To leave these features and come to consideration of scenic charms, there can be no higher praise than to say that at night Torquay picturesqueness reaches the acme of theatric scene-painting. To return, when the moon is shining, to Torquay from Paignton, is to experience a thrill of decorative pleasure that few other places can confer. A great bar of silver moonlight, all alive with ripples, mingles with terrestrial illuminations of villas and climbing hillside roads, garish yellow by comparison. Below, in the harbour, red and green and yellow lights of smacks and vessels of many builds dance in streaky minuets upon lazy tides, while on the horizon the mast-head lanterns of Brixham boats rise and fall giddily from crest to trough of Channel waves.

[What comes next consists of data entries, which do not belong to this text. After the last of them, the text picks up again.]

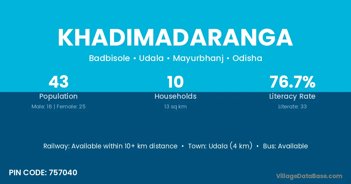 Udala (4 km) is the nearest town to Khadimadaranga village for major economic activities and is located approximately 4 km away.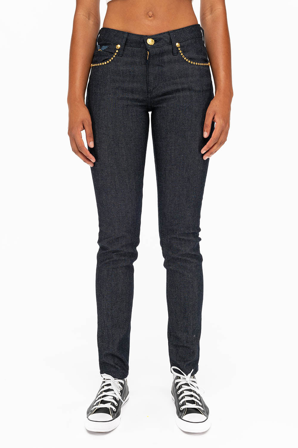 WOMENS CLASSIC 5 POCKET SKINNY JEANS WITH GOLD CRYSTALS IN RAW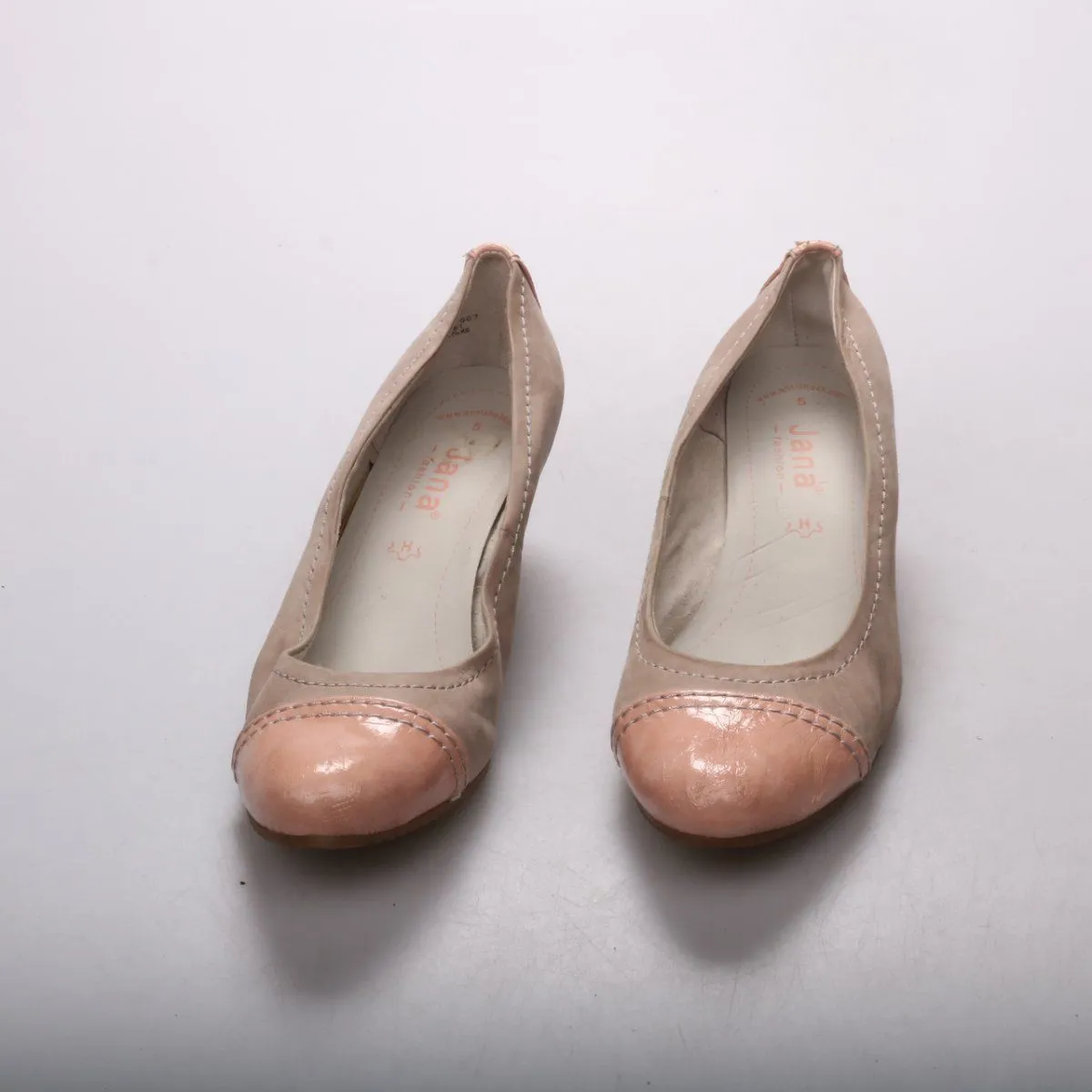 Женские туфли Jana на устойчивом невысоком каблуке, с контрастным розовым носком. Подойдут для офиса и повседневной носки в тёплое время года и в помещении. Рифлёная подошва снижает скольжение.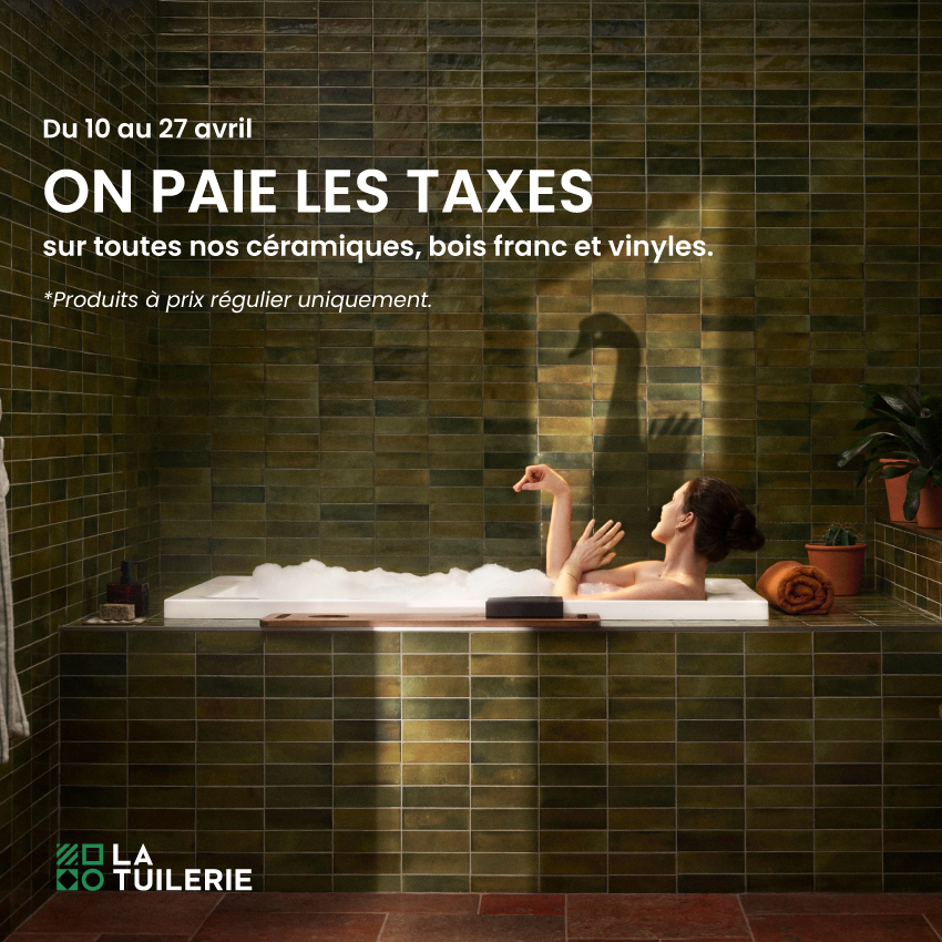 đź’šDu 10 au 27 avril 2026, donnez vie Ă vos projets avec 15% de rabais sur nos cĂ©ramiques, bois franc et vinyles sĂ©lectionnĂ©s !Â
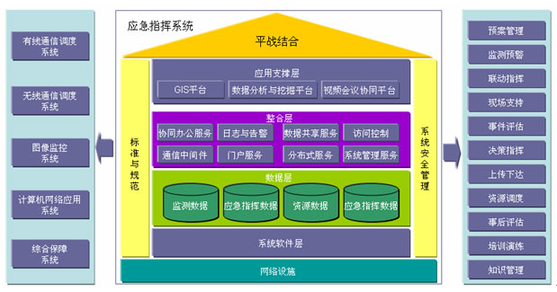 應(yīng)急基礎(chǔ)平臺(tái)是基于先進(jìn)信息技術(shù)、網(wǎng)絡(luò)技術(shù)、GIS技術(shù)、通信技術(shù)和應(yīng)急信息資源基礎(chǔ)上的,充分利用現(xiàn)有資源,依托政府系統(tǒng)電子政務(wù)建設(shè),建立統(tǒng)一應(yīng)急指揮網(wǎng)絡(luò)平臺(tái),實(shí)現(xiàn)緊急事件報(bào)警的統(tǒng)一接入與交換。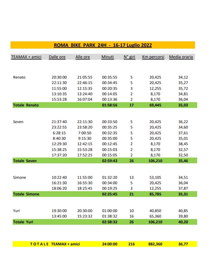 Grazie a Pinuccio che ha scaricato e riorganizzato la nostra 24h, di seguito i dettagli di tutto il team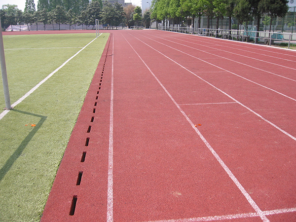 13mm透氣式塑膠跑道鋪設(shè)施工工藝是采用兩步施工法進行鋪設(shè)的。底層黑膠粒層,攤鋪厚度為10-11毫米,將其固化后,在上面再噴涂厚度為2-3毫米的膠粒。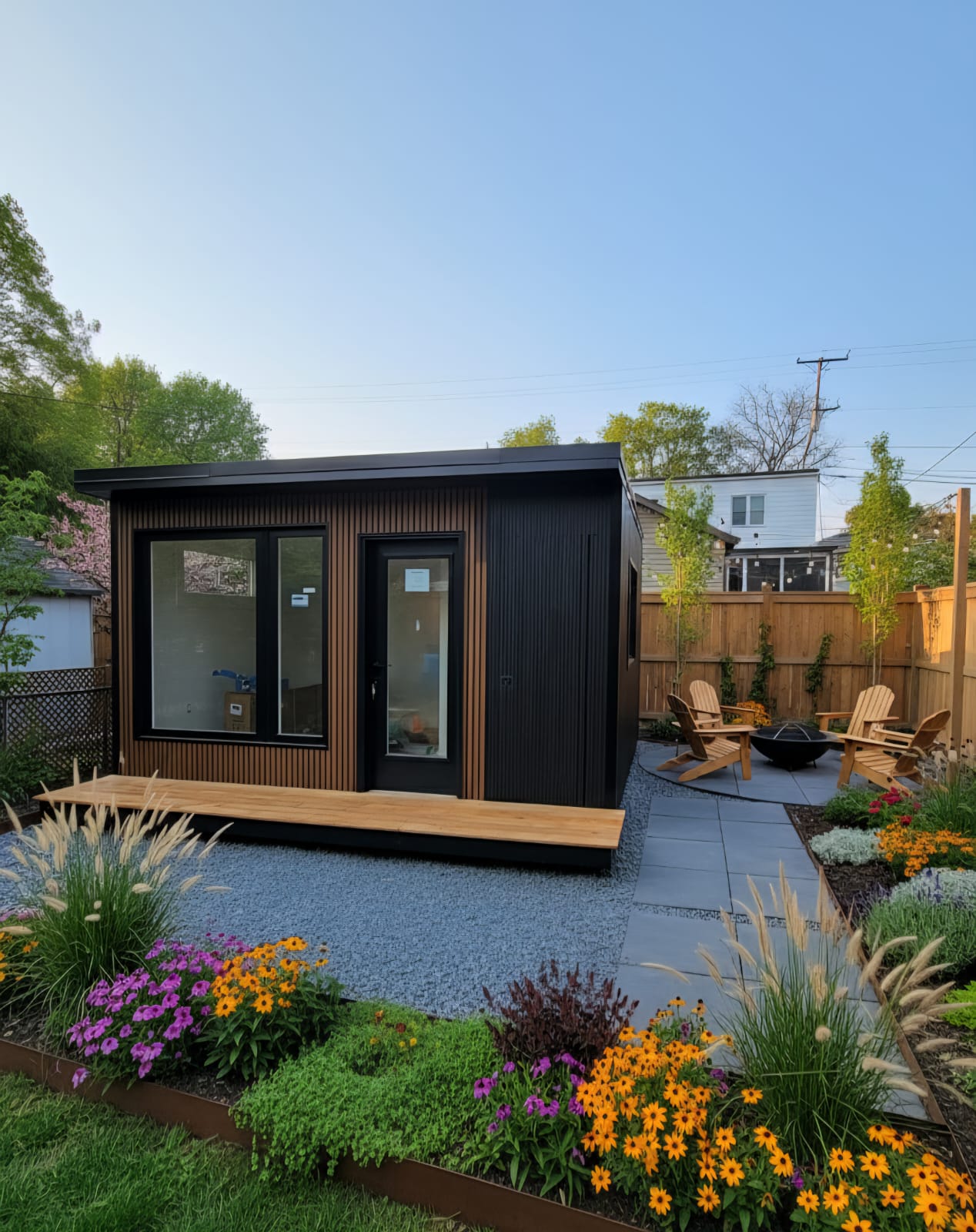 This custom 11x14 ft Garden Haus unit was thoughtfully designed to serve as a versatile backyard retreat with integrated storage. Built fully on-site, the structure features all-season insulation, a sleek modern design, and a dedicated storage section seamlessly built into the layout—perfect for tools, seasonal items, or outdoor equipment.

Torquay has many climates, from the warm and dense atmosphere of Fleet Street and Union Street to the mellow lapping of Torbay air by the rise of Park Hill, or the robustious breezes of Warberry Hill, farther inland. And thus Torquay pleases every variety of the querulous invalid: these feeble folk lie here in strata, elevated or depressed, as best befits their individual complaints.

Since Dutch William landed at Brixham, and so marched through Torquay to Newton Abbot with his heavy crew of Hollanders, the place has had no history save only the smooth and simple annals of what auctioneers and land-agents call a “rising watering-place.” And Torquay has been rising any time these hundred years, until it has at length been blessed with the left-handed blessings of a Mayor and Corporation. These be weighty matters, and Torquay celebrated its Charter Day last year with all the becoming pomp of so great and glorious an occasion. Minor happenings there have been that remain tinged with the bitter irony of circumstance, as when Napoleon, a captive on board the Bellerophon (the “Billy Ruffian” of an untutored crew reckless of the classics) was brought into Torbay, within sight of the diminutive Torquay of that time. The conquered conqueror was reduced to the status of a Richardson’s show, to be peeped at by that “nation of shopkeepers” which he had so gratuitously despised.[3] That nation, or rather, this southern coast portion of it, had been not a little uneasy at Napoleon’s preparations for invasion, and had been strenuously devising defences, with quaking hearts; while the populace sang, to keep its pecker up, such reassuring songs about the improbable, as that of which the following stanza is a specimen:—

“When husbands with their wives agree,
And maids won’t wed from modesty,
Then little Bony he’ll pounce down,
And march his men on London town.”

After which followed the rousing chorus—

“Rollickum rorum, tol-lol lorum,
Rollickum rorum, tol-lol lay.”

And these matters are Torquay’s sole concern with political history. Happy town, say I.


XL.

Three miles of a delightfully undulating road that leads close by the shores of the bay, and at length we reached Paignton about nine o’clock. Paignton lives on the leavings of Torquay, and a decent subsistence they seem to afford. It is unromantically celebrated for its cabbages, and peculiar for the German nomenclature of its hotels. The whole place is singularly and indecently Teutonic, a sort of Pumpernickel, and its chief street might appropriately be termed the Donnerwetterplatz, from the epithets called from us by its promiscuous stones. One anachronism there is in this Germanic town—German bands are plenty. We know, do we not, that these pests are found everywhere but in the land of their birth. But, come to think of it, where does the German band practise? The flippant will say that to assume any practice on their part would be an assumption of wildest extravagance; but, seriously, they must practise sometimes and somewhere; but where and when? Did you ever hear them at it? Did you ever see a dead donkey? Never! I have heard volunteer bands practise and have survived—chastened ’tis true. They have their drill-halls in which to harmonise in some sort; but (fearful thought) German bands must practise in their lodgings. I can think of few things more dreadful than to be their ill-fated neighbour.